Exact transcription, pictures omitted: reproduce the listing below.

Input data Start Marker

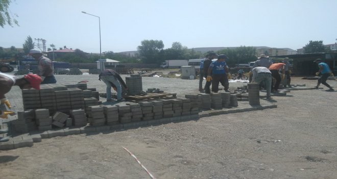 Iğdırın Tuzluca İlçesinde kilit parke taşı döşeme çalışmaları devam ediyor.
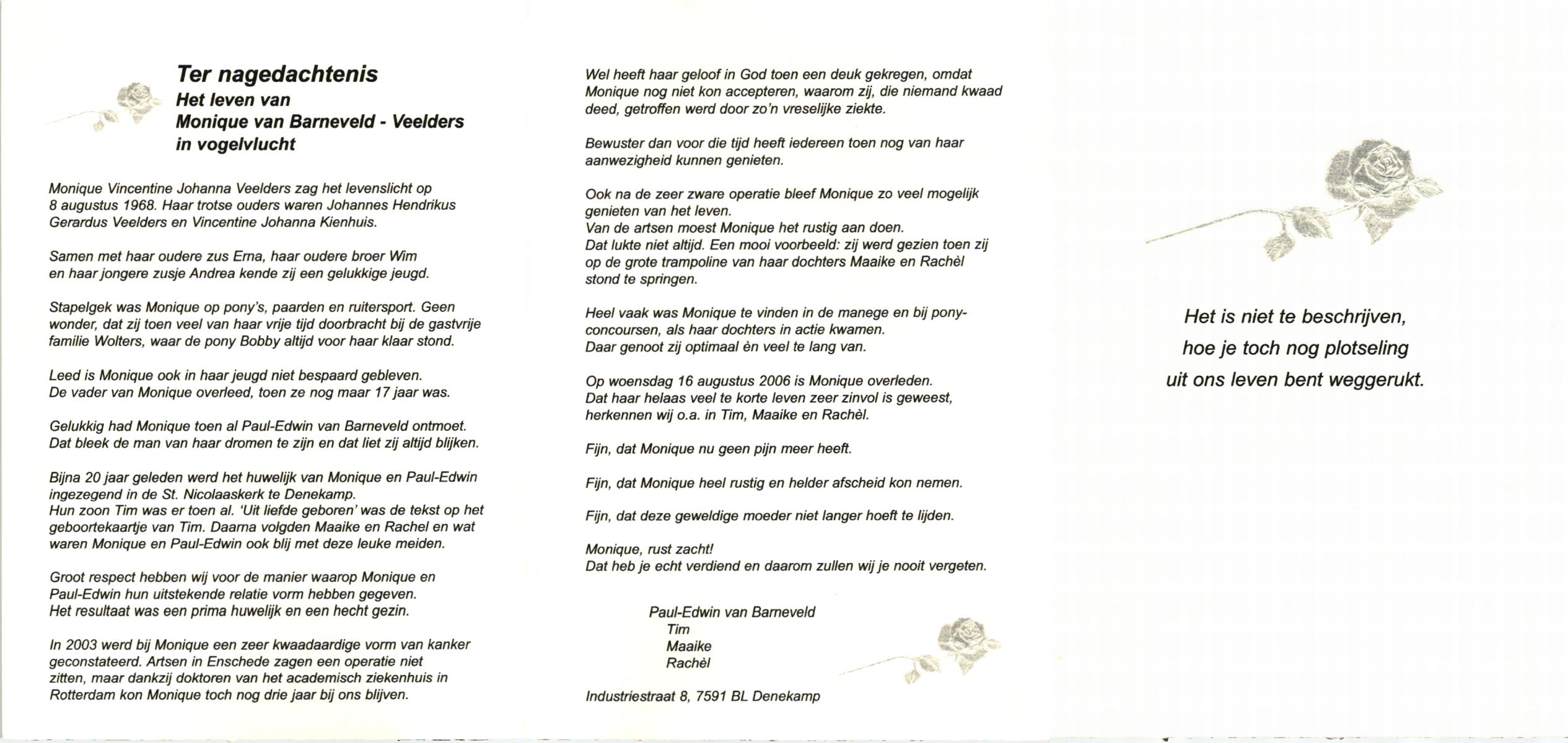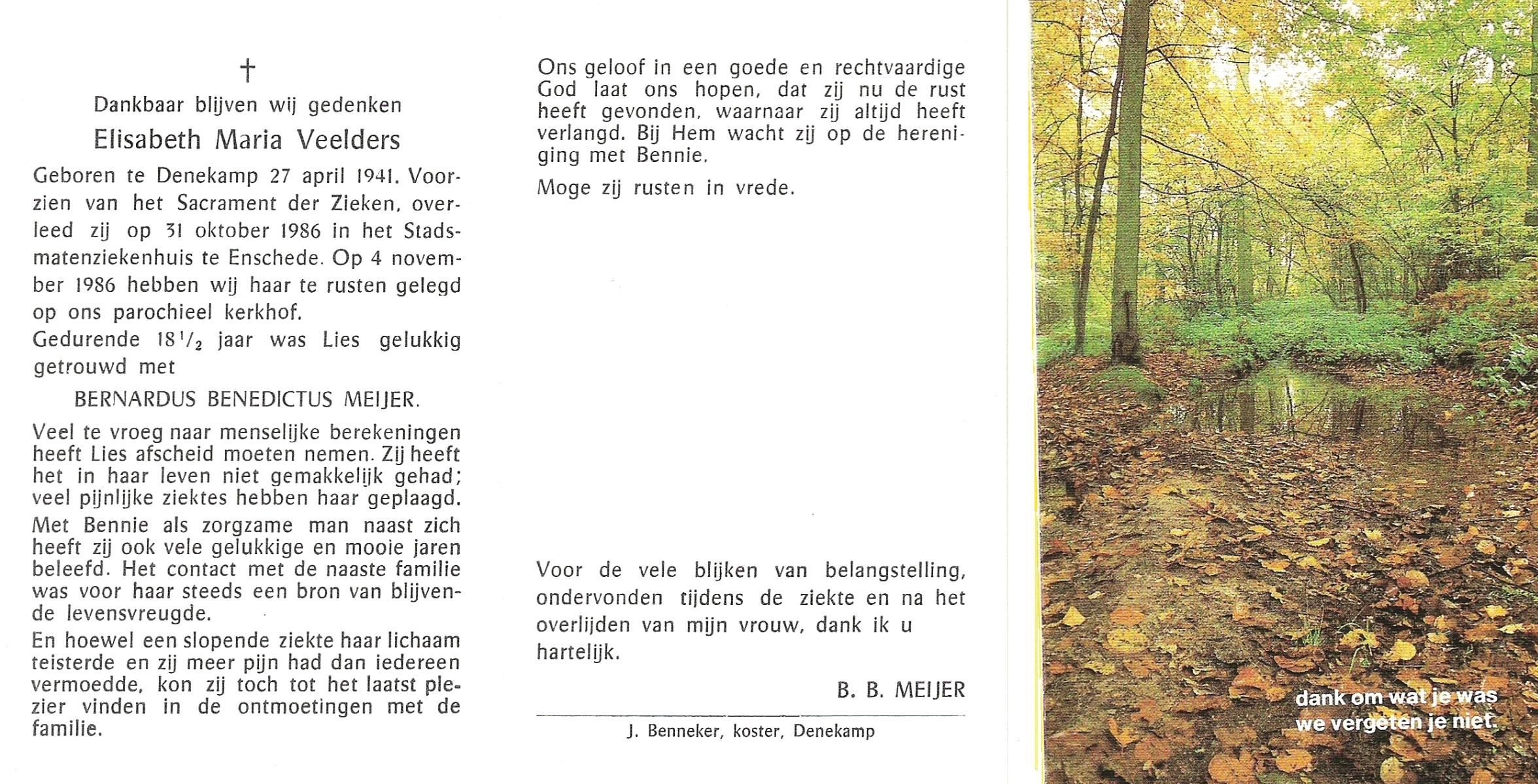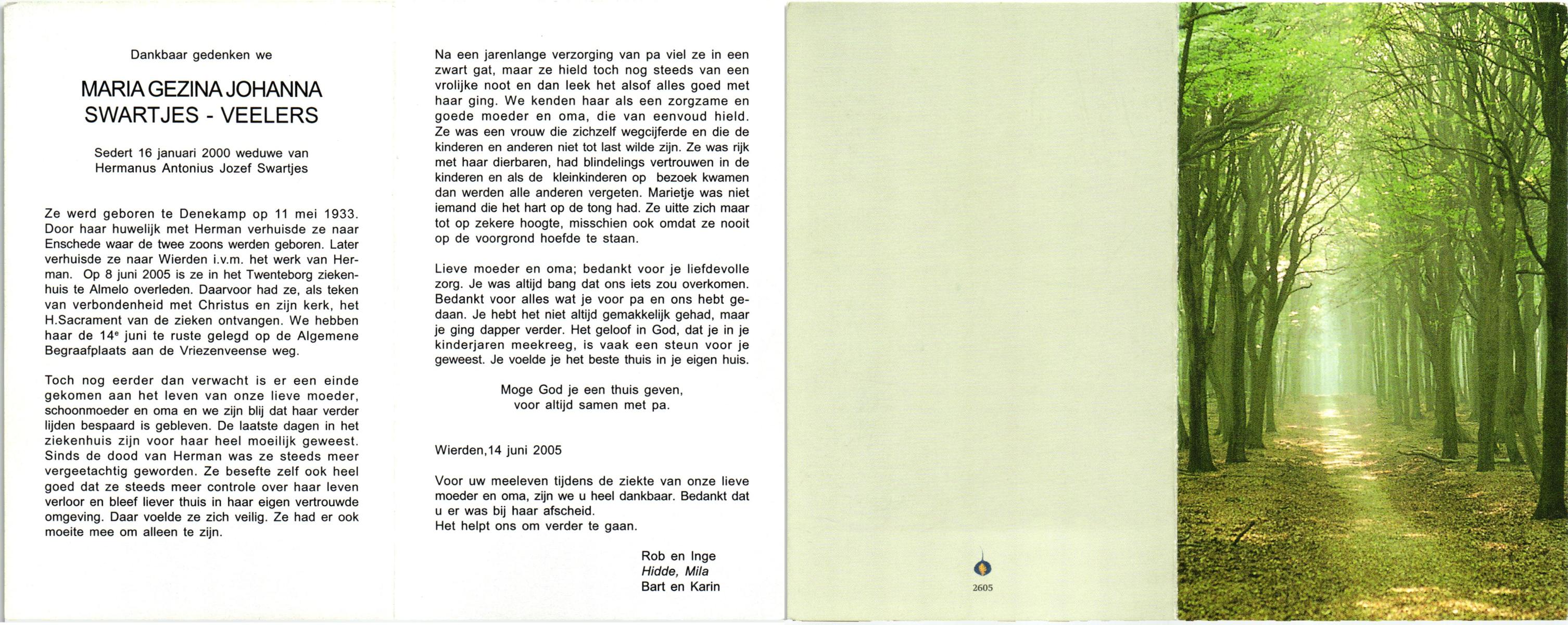 VEELERS, Maria gezina Johanna, geboren op 11-5-1933 te Denekamp, overleden op 8-6-2005 te Almelo, ziekenhuis op 72-jarige leeftijd, begraven op 14-6-2005 te Wierden.
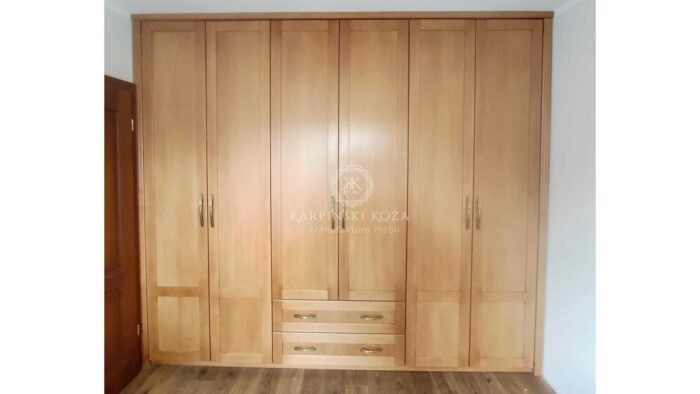 Klasyczna szafa na wymiar do zabudowy. Szafa z frontami drewnianymi do samej góry wykonana pod indywidualny projekt. Indywidualnie zaprojektowana szafa pozwala lepiej zaplanować swoją przestrzeń a nawet ułatwia codzienny rytuał ubierania się. Prezentowana otwierana garderoba posiada miejsce na deskę do prasowania oraz suszarkę na ubrania. Rozmieszczenie drążków oraz półek również nie jest przypadkowe. Jedna półka zaprojektowana pod aktówki zaś drążki pod koszule, spodnie i płaszcze.

Input data End Marker

**Exercise solution:**
 Iğdırın Tuzluca İlçesinde kilit parke taşı döşeme çalışmaları devam ediyor.
 VEELERS, Maria gezina Johanna, geboren op 11-5-1933 te Denekamp, overleden op 8-6-2005 te Almelo, ziekenhuis op 72-jarige leeftijd, begraven op 14-6-2005 te Wierden.
 Klasyczna szafa na wymiar do zabudowy. Szafa z frontami drewnianymi do samej góry wykonana pod indywidualny projekt. Indywidualnie zaprojektowana szafa pozwala lepiej zaplanować swoją przestrzeń a nawet ułatwia codzienny rytuał ubierania się. Prezentowana otwierana garderoba posiada miejsce na deskę do prasowania oraz suszarkę na ubrania. Rozmieszczenie drążków oraz półek również nie jest przypadkowe. Jedna półka zaprojektowana pod aktówki zaś drążki pod koszule, spodnie i płaszcze.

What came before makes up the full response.